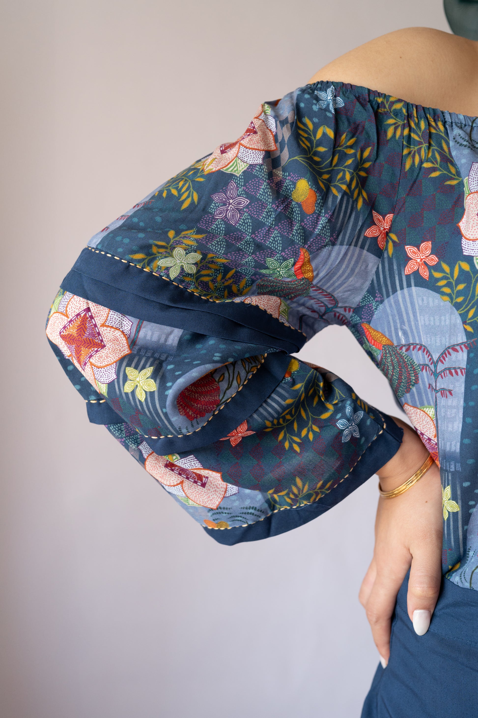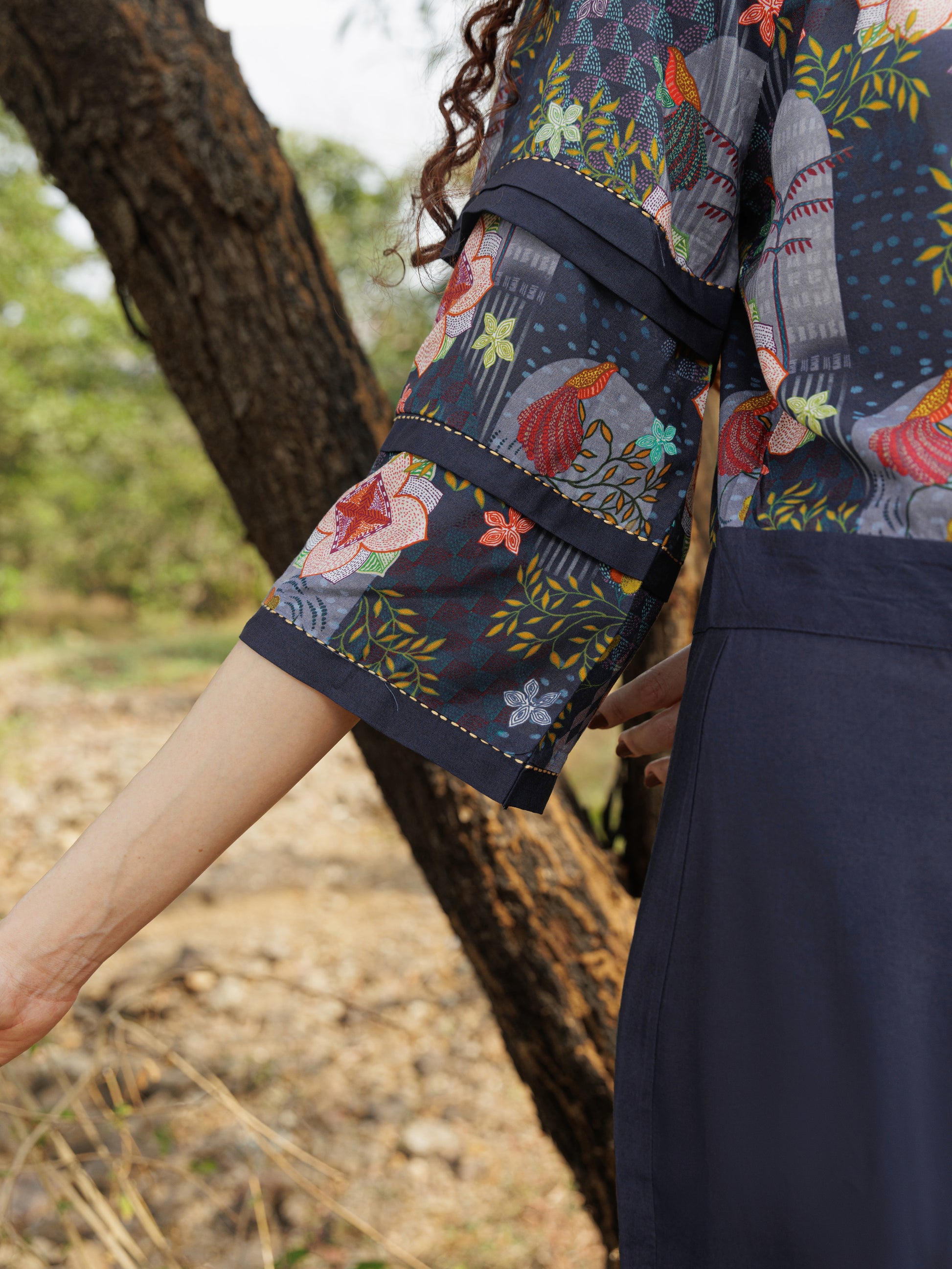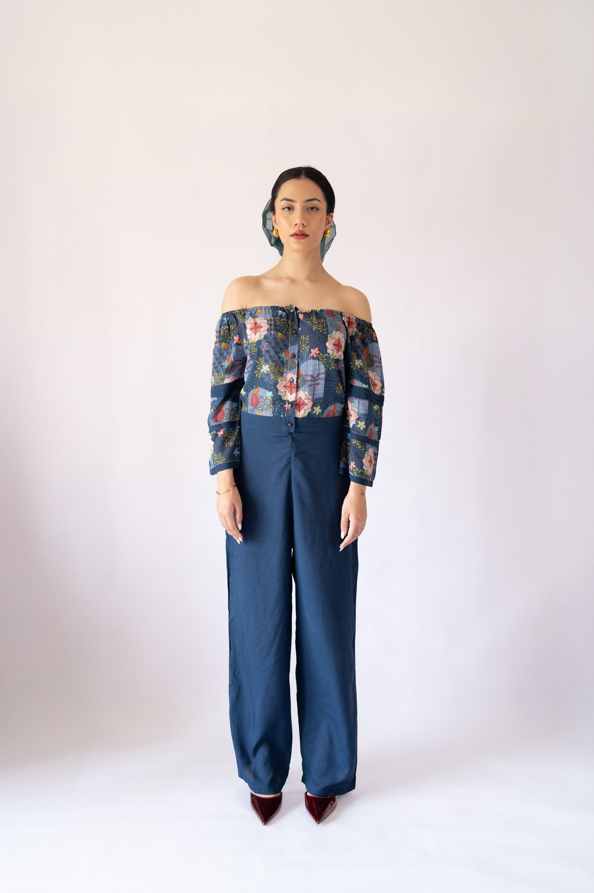 A poetic ode to effortless style, the Indigo Cerulean Stitch Jumpsuit is crafted in breathable lyocell fabric and dyed in a serene indigo hue. Kantha-stitched sleeves add a delicate handcrafted charm, while its relaxed fit and refined silhouette make it a versatile pick for daytime ease or evening allure.
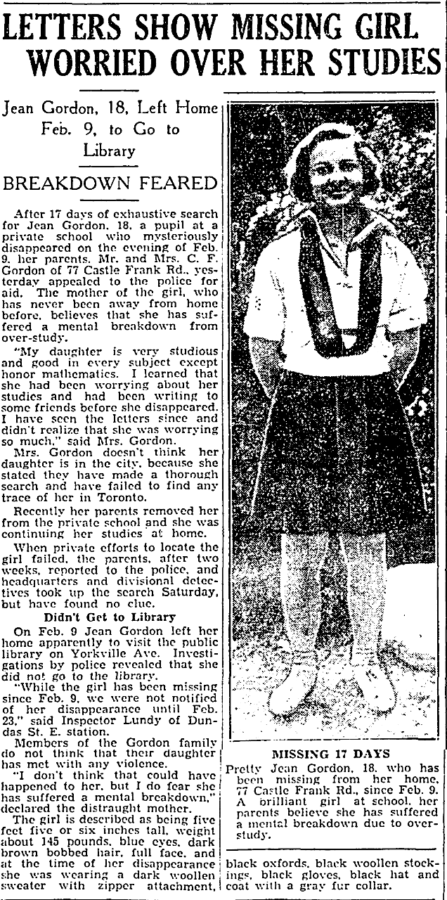 Here's an article from the front page of the February 26 1935 edition of the Toronto Daily Star that is sad and confusing.
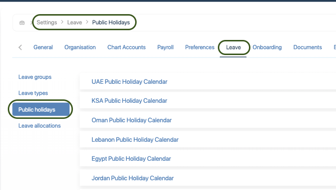 Follow the steps below to manage public holiday calendars in your Yomly system.
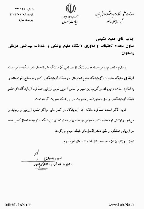 و همچنین موفق به کسب رتبه 3 بین آزمایشگاه های استان کرمان در ارزیابی شبکه آزمایشگاهی کشور شد.
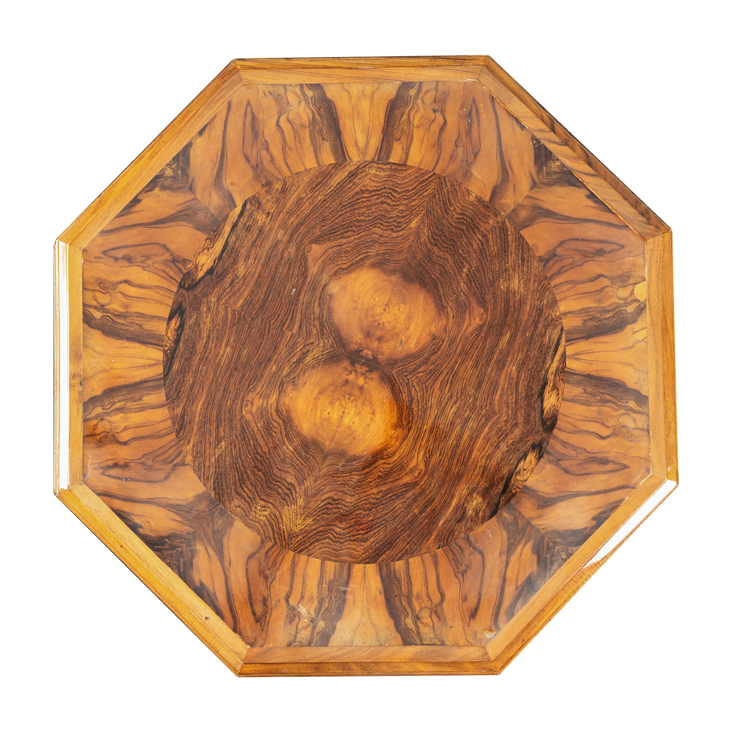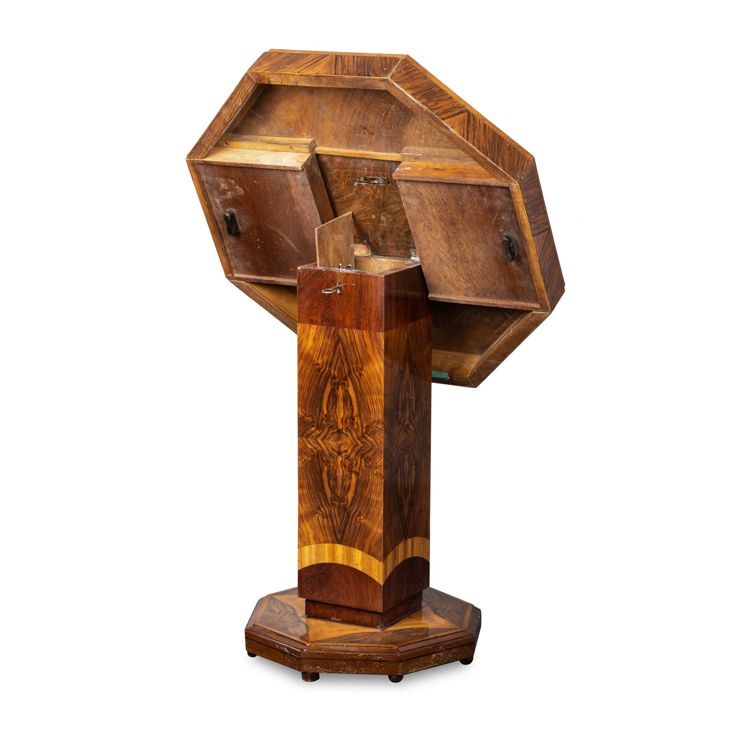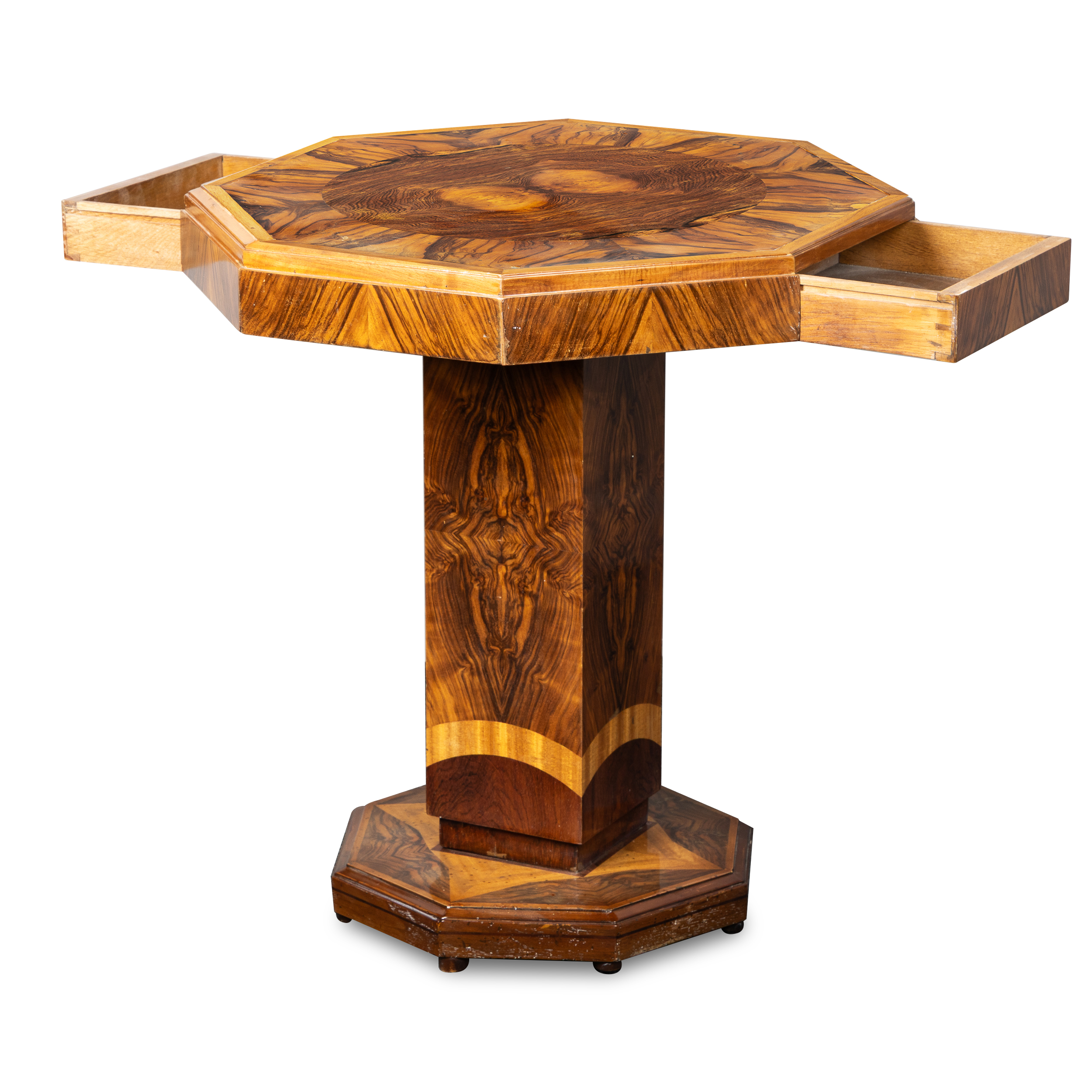 С двумя выдвижными ящиками. Волнистый орех (кап), возможно палисандр (в центре). Высота – 70 см, столешница – 65 х 65 см, основание – 40 х 40 см.

•••

* [PROBLEM STATEMENT]: Output the entries exactly as they appear, with no pictures included.

* [EXERCISE OUTPUT]:
 A poetic ode to effortless style, the Indigo Cerulean Stitch Jumpsuit is crafted in breathable lyocell fabric and dyed in a serene indigo hue. Kantha-stitched sleeves add a delicate handcrafted charm, while its relaxed fit and refined silhouette make it a versatile pick for daytime ease or evening allure.
 Here's an article from the front page of the February 26 1935 edition of the Toronto Daily Star that is sad and confusing.
 Follow the steps below to manage public holiday calendars in your Yomly system.
 و همچنین موفق به کسب رتبه 3 بین آزمایشگاه های استان کرمان در ارزیابی شبکه آزمایشگاهی کشور شد.
 С двумя выдвижными ящиками. Волнистый орех (кап), возможно палисандр (в центре). Высота – 70 см, столешница – 65 х 65 см, основание – 40 х 40 см.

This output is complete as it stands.